Fiat Chrysler Automobiles plans to spend more than 5 billion euros ($5.7 billion) on new models and engines in Italy over the next three years to try to make better use of factories and boost jobs and margins.
in Automotive News Europe, by Agnieszka Flak & Gianni Montani | Reuters, 29-11-2018
The plans are intended to deliver on a strategy outlined by FCA’s late boss Sergio Marchionne in June, in which he made a commitment to keep converting Italian plants to build higher margin Alfa Romeos, Jeeps and Maseratis, and hybrid and electric versions of its vehicles to protect jobs and lift profitability.
FCA plans to build an Alfa Romeo compact SUV at its Pomigliano plant and a battery-powered Fiat 500 in its Mirafiori factory in Turin. Pomigliano also will produce a mild-hybrid version of the Fiat Panda hatchback.
Production of European versions of the Jeep Compass compact SUV will be added at FCA’s Melfi plant in central Italy.
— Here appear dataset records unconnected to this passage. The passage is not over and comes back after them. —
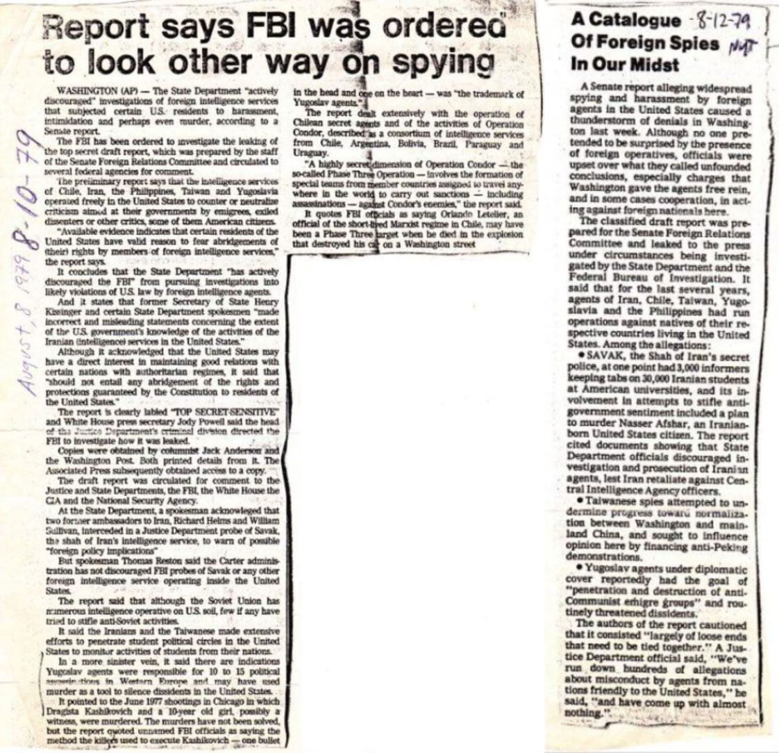 In addition, Yugoslav intelligence services were active against Croatian dissidents in the diaspora, often in collaboration with U.S. intelligence services. This collaboration was openly described in the mainstream media in 1979, after a U.S. Senate report on the subject was leaked. The New York Times wrote that the State Department “actively discouraged” investigations by foreign intelligence services that harassed, intimidated, and even possibly killed certain American citizens. The report, in a darker tone, states that there are “indications that Yugoslav agents are responsible for 10 to 15 political assassinations in Western Europe and that they may have used the killings as a tool to silence dissidents in the United States.”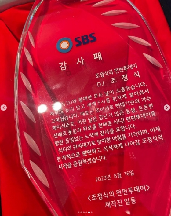 그가 공개한 사진과 영상에는 조정식이 SBS 라디오센터에서 감사패를 받고 인사하는 모습이 담겨 있었다. 조정식은 오는 20일까지 7년간 매일 오전 5시부터 7시까지 SBS 파워FM '조정식의 펀펀투데이' DJ를 맡아 방송을 이끄는 것.
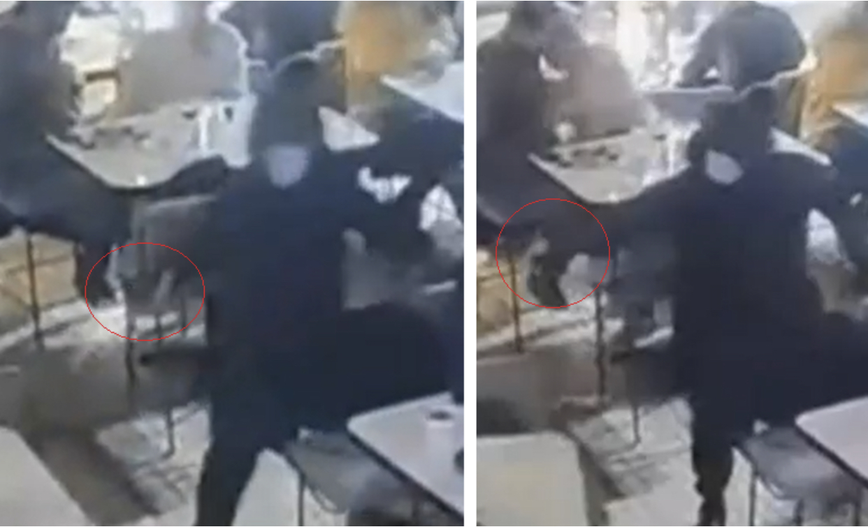 Në video shhet autori duke qëlluar drejt viktimave, ndërsa njerëzit e pranishëm në lokal vrapojnë të tmerruar.

The factory already produces the Jeep Renegade.
FCA’s Cassino plant would get a re-styling of the Alfa Romeo Giulia and Stelvio models and will also produce a medium-size Maserati SUV.
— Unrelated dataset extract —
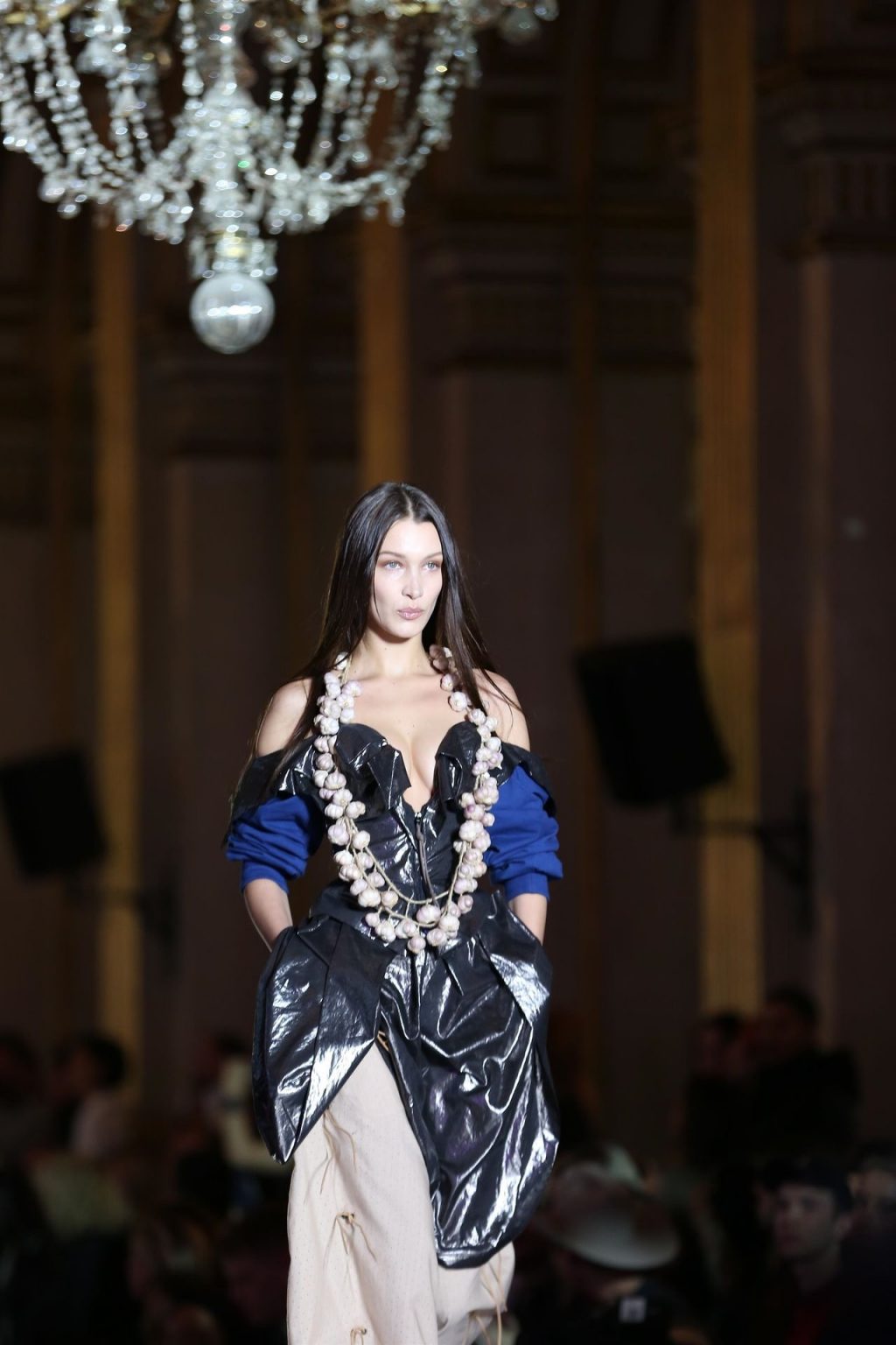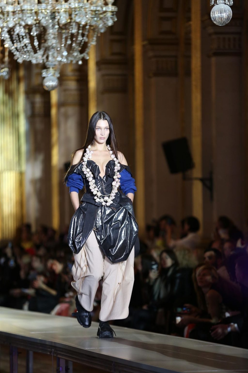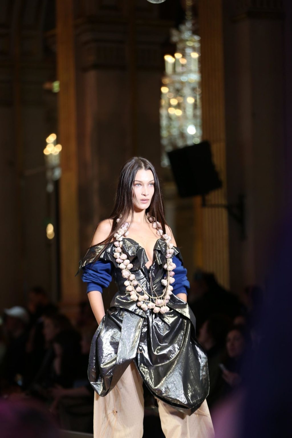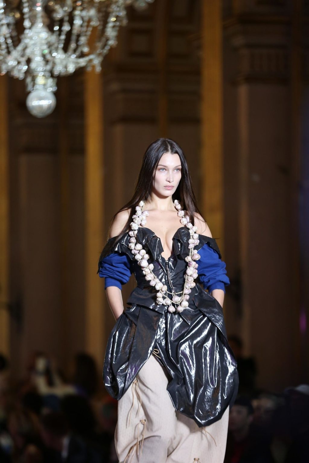 La modelo estadounidense y estrella de reality TV Bella Hadid fue fotografiada caminando en la pasarela en el desfile de moda de Vivienne Westwood en París, 29/02/2020.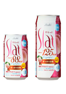 『アサヒSlat(すらっと)』は、1缶当たりのカロリーが、現在発売されている缶入りチューハイの中で“最少級”であることに加え、果汁をしっかり含んだ果肉(果実のツブ)入りで、みずみずしい果汁感を楽しめることが、カロリー・糖質(糖類)を重視する低アルコールユーザーを中心に高く評価されています。発売2年目となる2010年は、新フレーバー『アサヒSlat(すらっと)すっきり白桃』を発売し、現在のラインアップ「果肉入りレモン」「果肉入りグレープフルーツ」「すっきり白ぶどう」とあわせて全4アイテムで展開し、更なる飲用層の拡大を図ります。

FCA also plans to expand production capacity at its Sevel joint venture with PSA Group, which assembles the Ducato light commercial vehicle, given healthy demand.
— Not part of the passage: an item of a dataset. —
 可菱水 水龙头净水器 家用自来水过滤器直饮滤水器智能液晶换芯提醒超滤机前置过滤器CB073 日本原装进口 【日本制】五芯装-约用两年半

The company will launch 13 new models or restylings of existing models in the 2019-2021 period and ensure that all plants in Italy reach full employment, FCA’s new European head, Pietro Gorlier, told unions and journalists in Fiat’s hometown of Turin on Thursday.
FCA appointed Gorlier last month to tackle a region where profitability is below that of rivals, thousands of workers are on temporary layoff schemes, and some plants run way below capacity.
A big part of the investments in Italy will focus on the development of electric and hybrid models and the creation of common platforms that can be used to develop different vehicles to boost efficiencies and flexibility, Gorlier said.
“These are investments that are capable of being implemented and kick off tomorrow morning,” Gorlier said, stressing that additional plans for Italy and other plants in Europe – in Poland, Serbia and Turkey – would be announced at a later stage.
Gorlier said the investments were based on an outlook for the market seen as “substantially stable” in the coming years, even though a slight contraction is expected in 2020 given introduction of stricter emissions regulations.
He said a previously announced target to discontinue production of diesel passenger cars in Europe by 2021 was “too aggressive” and the company would keep producing diesel models beyond that date. But he confirmed the overall trend towards a gradual shift away from diesel remained.
Union officials, who fretted when promises for full employment had slipped from 2015 to 2018 and then to 2022, welcomed the plans, especially the fact that they were being implemented immediately.
“We are very satisfied,” said Marco Bentivogli, secretary general at the FIM Cisl union. “We are talking about 5 billion euros out of a total five-year spend for EMEA of 8.7 billion euros that’s an extraordinary concentration of new products.”